9. Old Legislative Building, now National Museum, Ermita, Manila
Here’s a place that deserves a day at least of exploring. The former legislative building was designed in 1918 by American architect Daniel Burnham, who was known for his classical style, patterned after the structures of Greece and Rome.
This building now houses the National Museum, with exhibits in the “arts and natural sciences,” among others, according to the museum’s website (http://philmuseum.tripod.com/index#). Works of National Artists can be found here. Adjacent to the structure is the National Museum of the Filipino People, which contains the country’s anthropological and archaeological treasures.
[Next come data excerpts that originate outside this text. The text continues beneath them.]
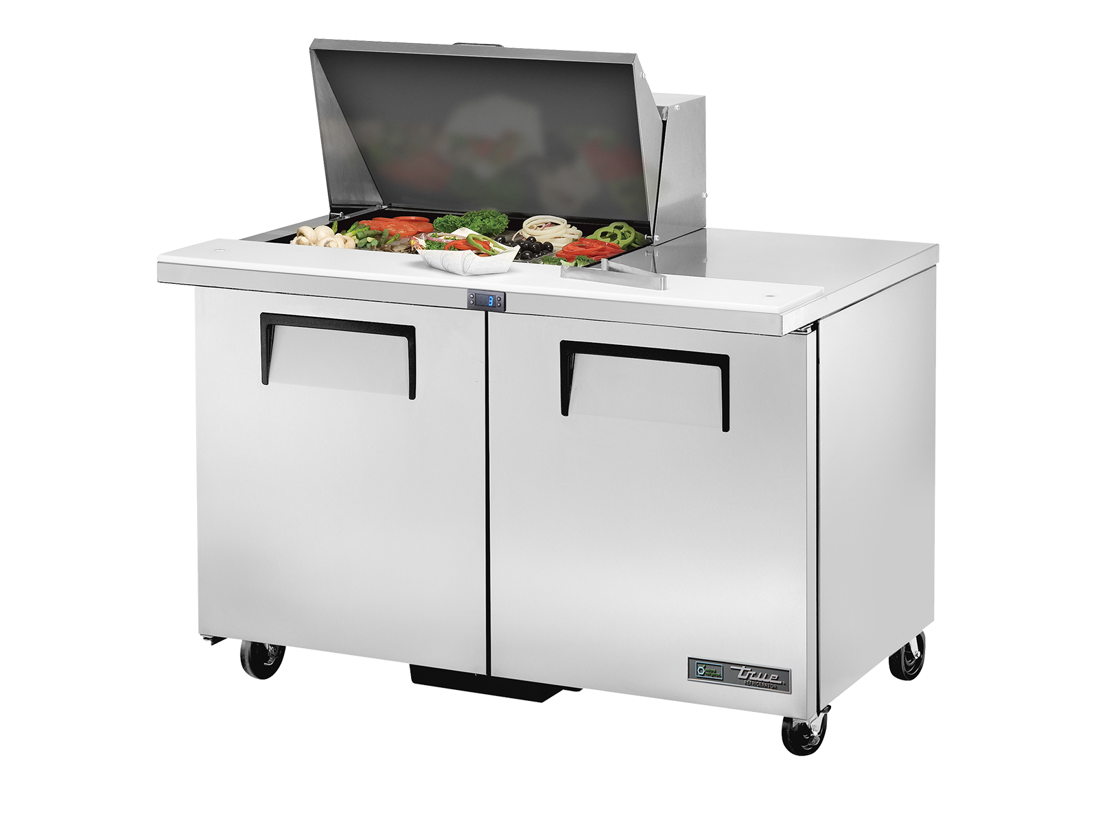 TRUE - Table de préparation Nb de portes : 2 - Nb de bacs GN 1/6 : 12 L1229 x P867 x H1185 mm - 130 Kg - 340 L Temp : 0.5 : 5°C - 0.529 kW - 220-240 V - 50-60 Hz - 2.3 A - 1PH 7 ans Garantie : Pièce - Compresseur - Main d'œuvre Made in USA
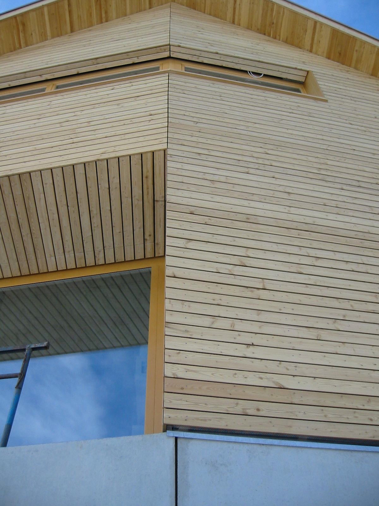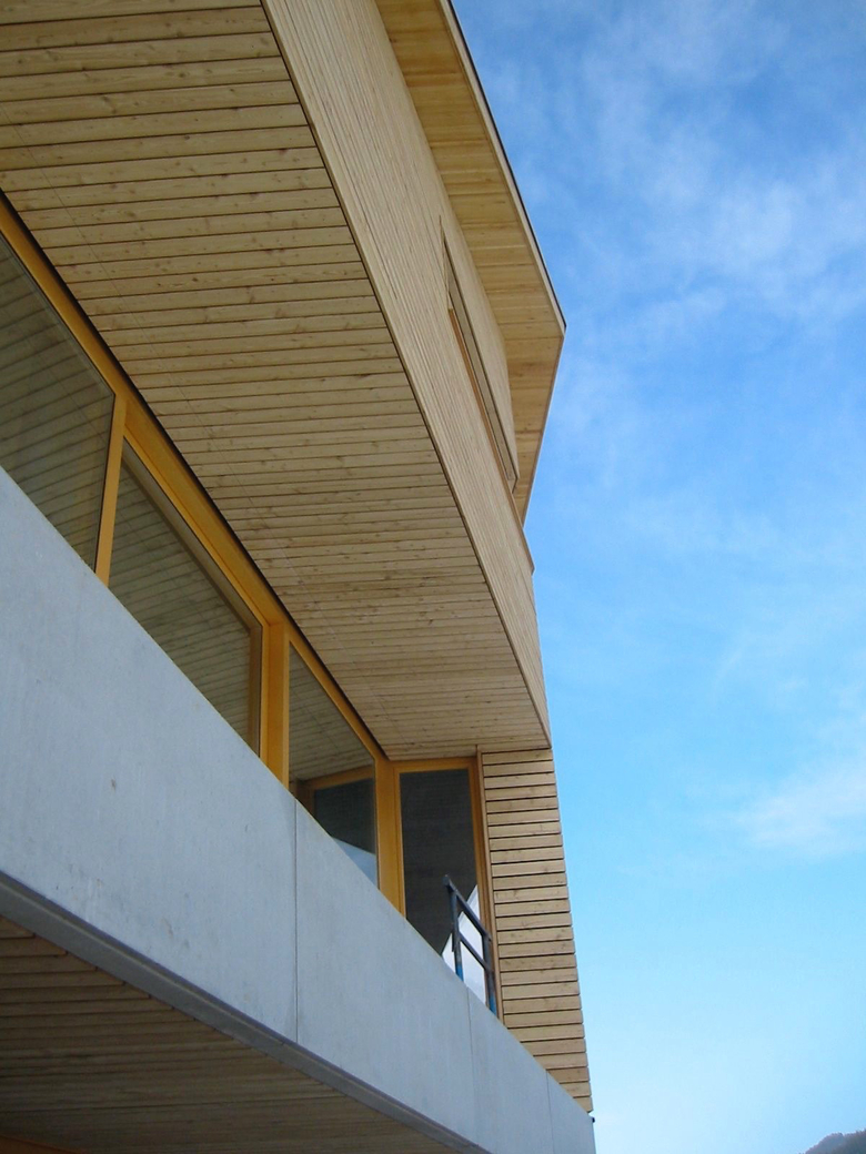 Die Zimmer im Untergeschoss sowie die Wohnräume im Erdgeschoss sind durch die grossen Fensterflächen mit viel Licht durchflutet und bieten eine fantastische Aussicht über das Tal. Die stützenfreie überdachte Terrasse mit einer Auskragung von vier Metern war eine statische Herausforderung für Architekt, Ingenieur und Zimmermann, die in guter Zusammenarbeit gelöst wurde.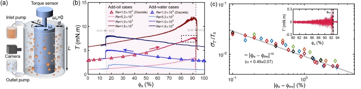图1. (a) 实验装置示意图。(b)油水两相湍流的相反转过程。(c)相反转过程中扭矩脉动量的临界发散行为。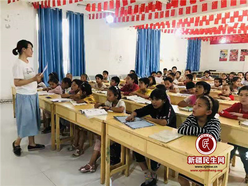 授课教师吐泥沙·马木提说道:“一方面,我给孩子们教国语,另一方面,给他们辅导暑假作业。在烈日炎炎下,对老师和学生都是一种考验,心里一遍遍告诉自己要打起精神,才能更好地给孩子们讲授知识。于是,我想方设法地通过各种游戏调动孩子们,让他们在玩中有学,在学中又乐趣无穷,就这样,短短几天,孩子们的口语表达能力有了一定的提升,此时的我别提有多高兴了。”

10. Presidential Museum and Library, Malacañan Palace, Manila
Yes, Malacañan—without a ‘g’ at the end, referring to the palace—is open to visitors. Located in Kalayaan Hall, the Presidential Museum and Library is filled not just with objects from the lives of Philippine presidents and heroes, but stories, too.
Which President enjoyed chess so much, he continued to visit his chess set even from the grave? Which war-time flag on display was bought off eBay from an American who had no idea what to make of it? Which painting is so valuable, selling it would fund the entire reconstruction of Malacañan, should the latter fall?
Visits should be set at least seven working days prior by contacting the Tours and Visitor Relations office.